You can
optimise the calculate method by assuming that is c % 2 == 0 is false than c % 2 != 0 must be true. You can also assume that c * 3 + 1 must be an even number so you can calculate (c * 3 + 1)/2 and add two to the numSteps. You can use a loop instead of recursion as Java doesn't have tail-call optimisation.

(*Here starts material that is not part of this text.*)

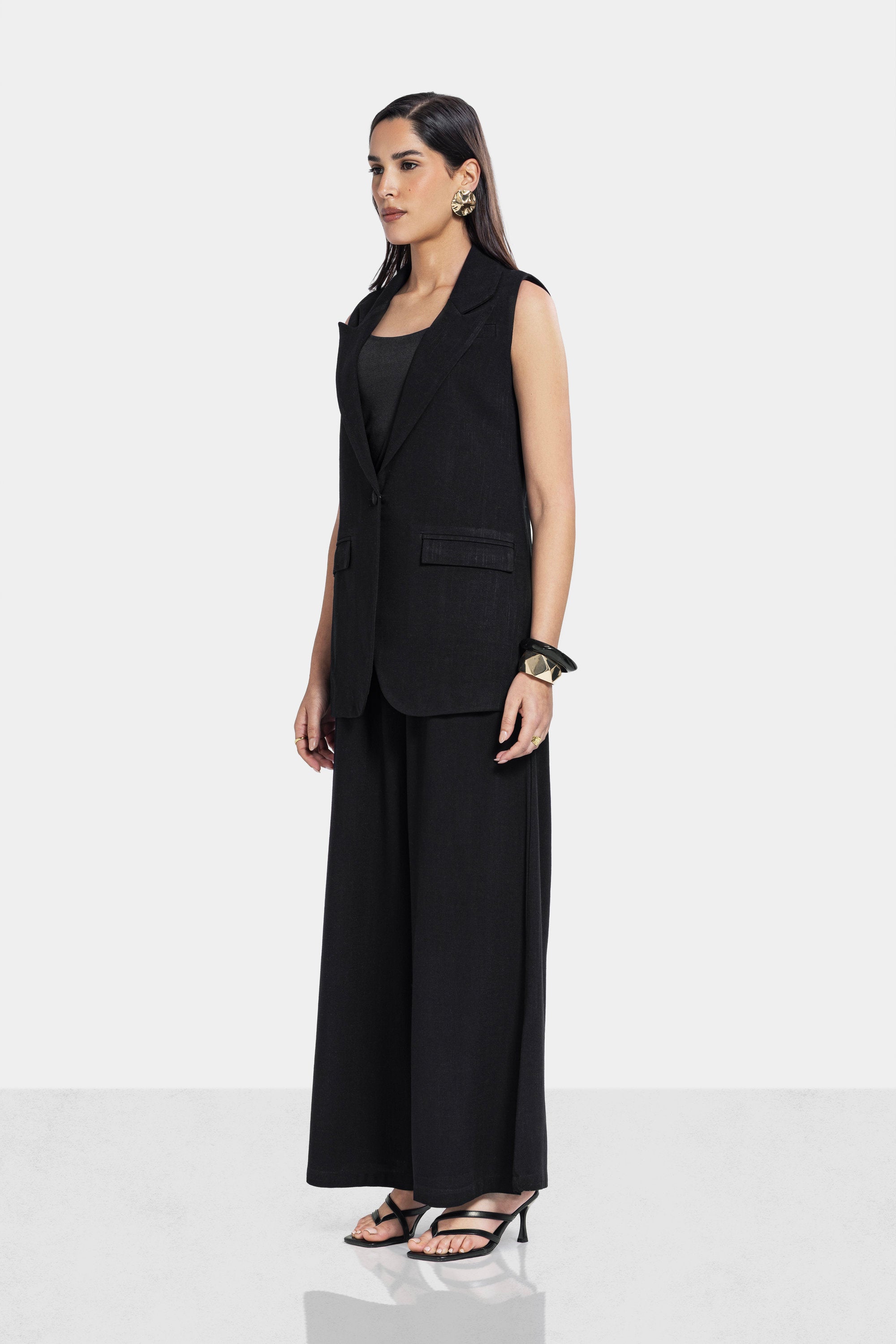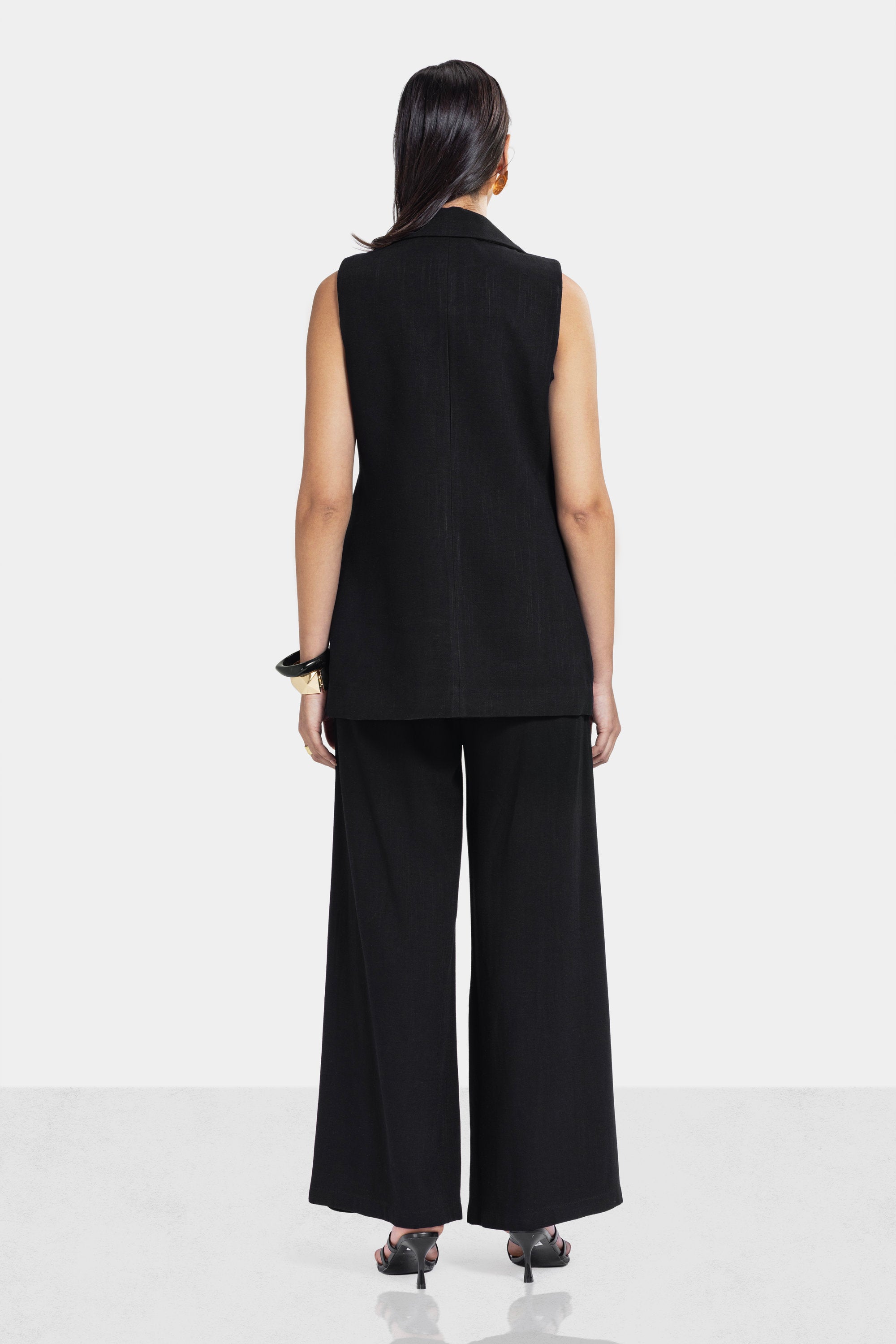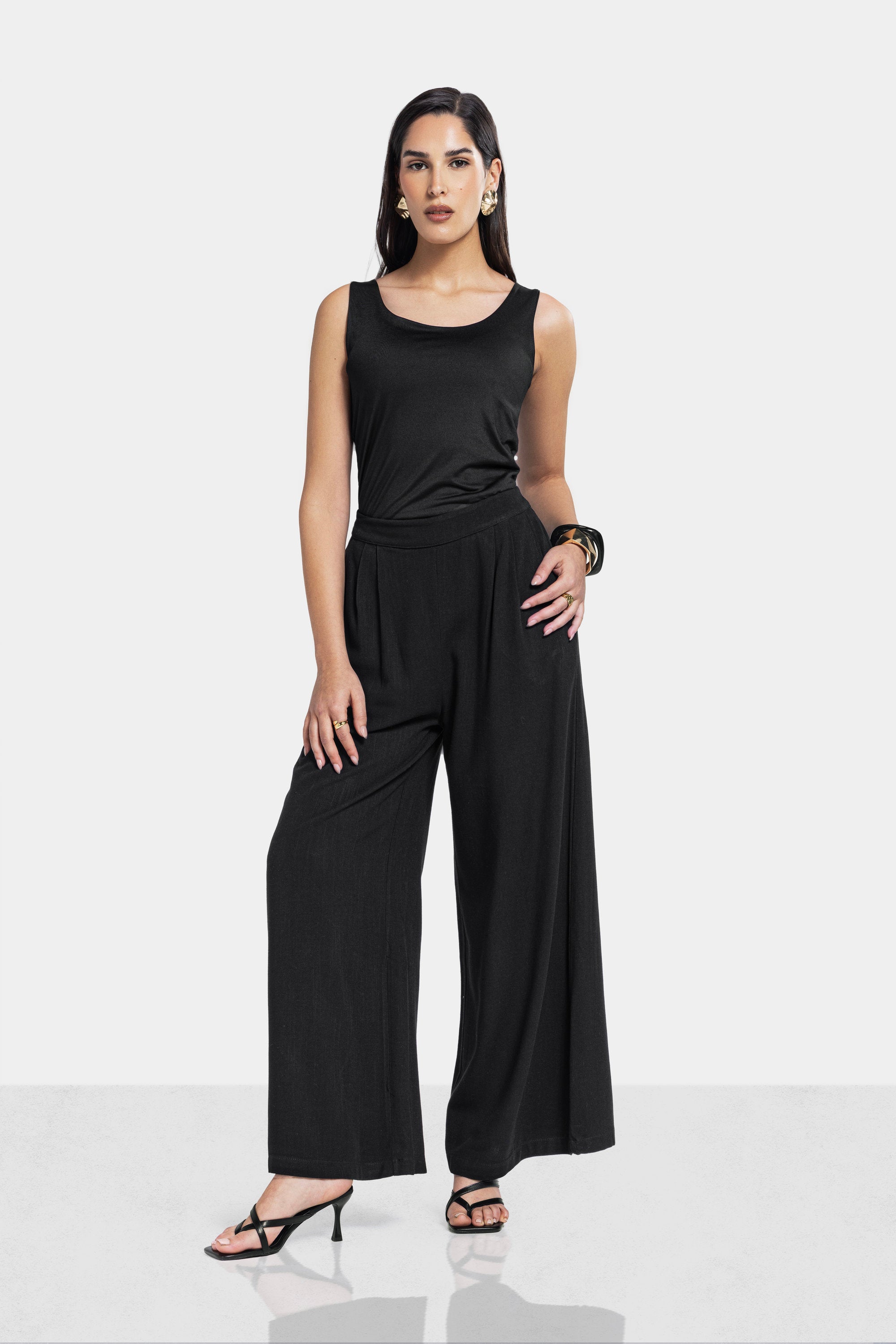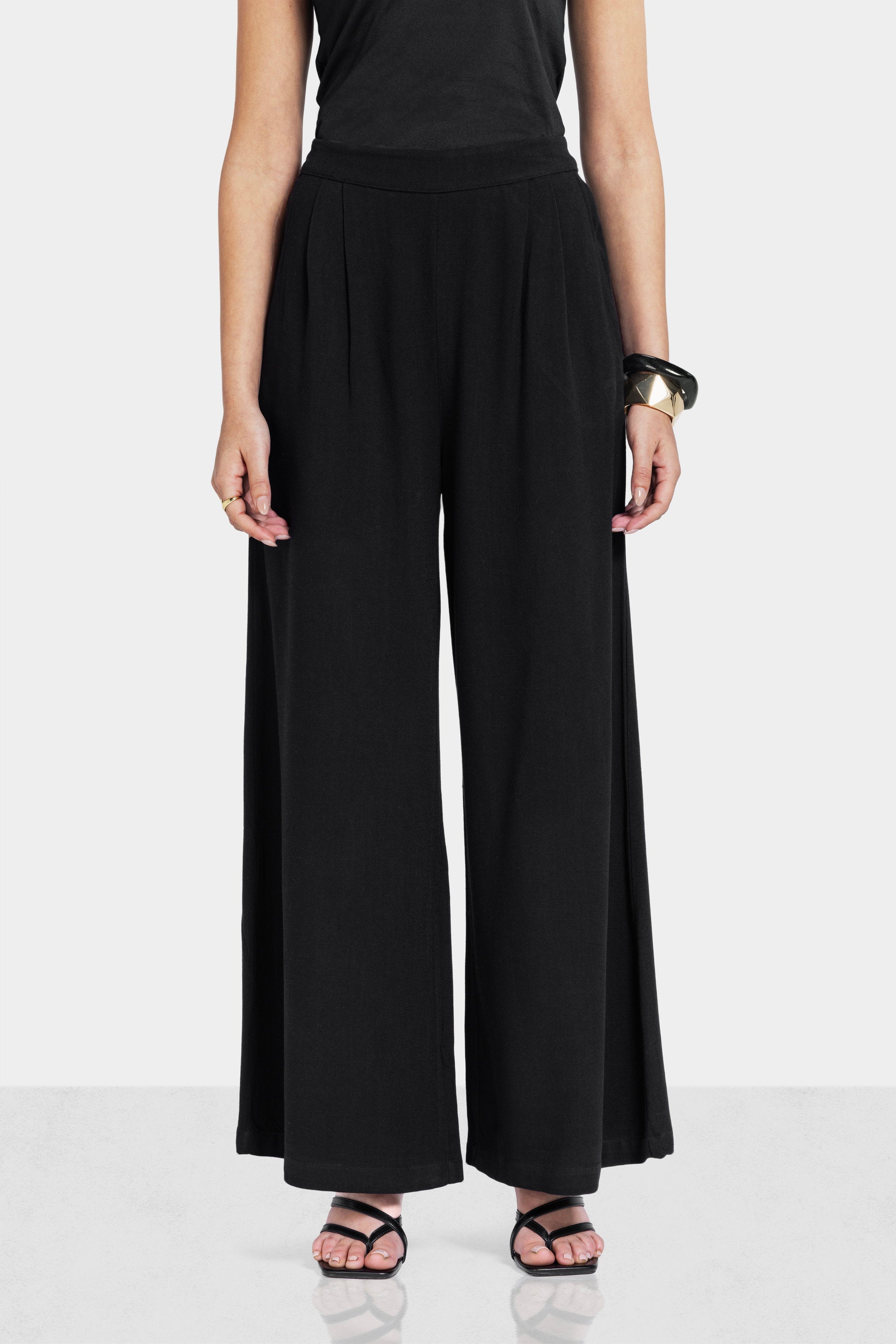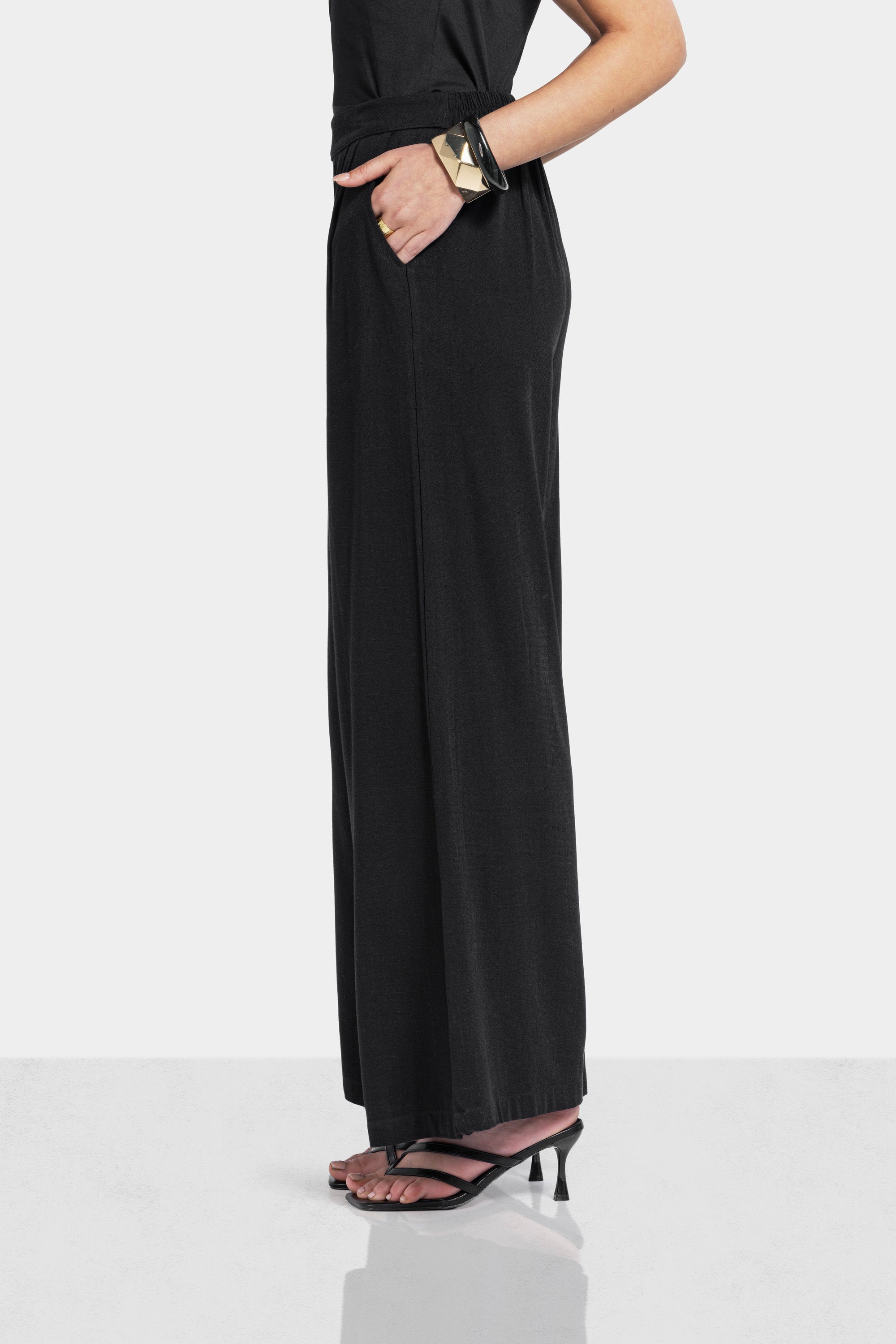 WIDE LEG LINEN PANTS -Black

get a bigger improvement by using memorisation. For each each number you can memorise the result you get and if the number has been calculated before just return that value. You might want to place an upper bound on memorization e.g. no higher than the last number you want to calculate. If you don't do this some of the value will be many times the largest value.
For your interest
public class Collatz {
static final int[] CALC_CACHE = new int[2_000_000_000];
static int calculate(long n) {
int numSteps = 0;
long c = n;
while (c != 1) {
if (c < CALC_CACHE.length) {
int steps = CALC_CACHE[(int) c];
if (steps > 0) {
numSteps += steps;
break;
}
}
if (c % 2 == 0) {
numSteps++;
c /= 2;
} else {
numSteps += 2;
if (c > Long.MAX_VALUE / 3)
throw new IllegalStateException("c is too large " + c);
c = (c * 3 + 1) / 2;
}
}
if (n < CALC_CACHE.length) {
CALC_CACHE[(int) n] = numSteps;
}
return numSteps;
}
public static void main(String args[]) {
long n = 1, maxN = 0, maxSteps = 0;
long startTime = System.currentTimeMillis();
while (System.currentTimeMillis() < startTime + 60000) {
for (int i = 0; i < 10; i++) {
int steps = calculate(n);
if (steps > maxSteps) {
maxSteps = steps;
maxN = n;
}
n++;
}
if (n % 10000000 == 1)
System.out.printf("%,d%n", n);
}
System.out.printf("The highest number was: %,d, maxSteps: %,d for: %,d%n", n, maxSteps, maxN);
}
}
prints
The highest number was: 1,672,915,631, maxSteps: 1,000 for: 1,412,987,847
A more advanced answer would be to use multiple threads. In this case using recursion with memorisation was easier to implement.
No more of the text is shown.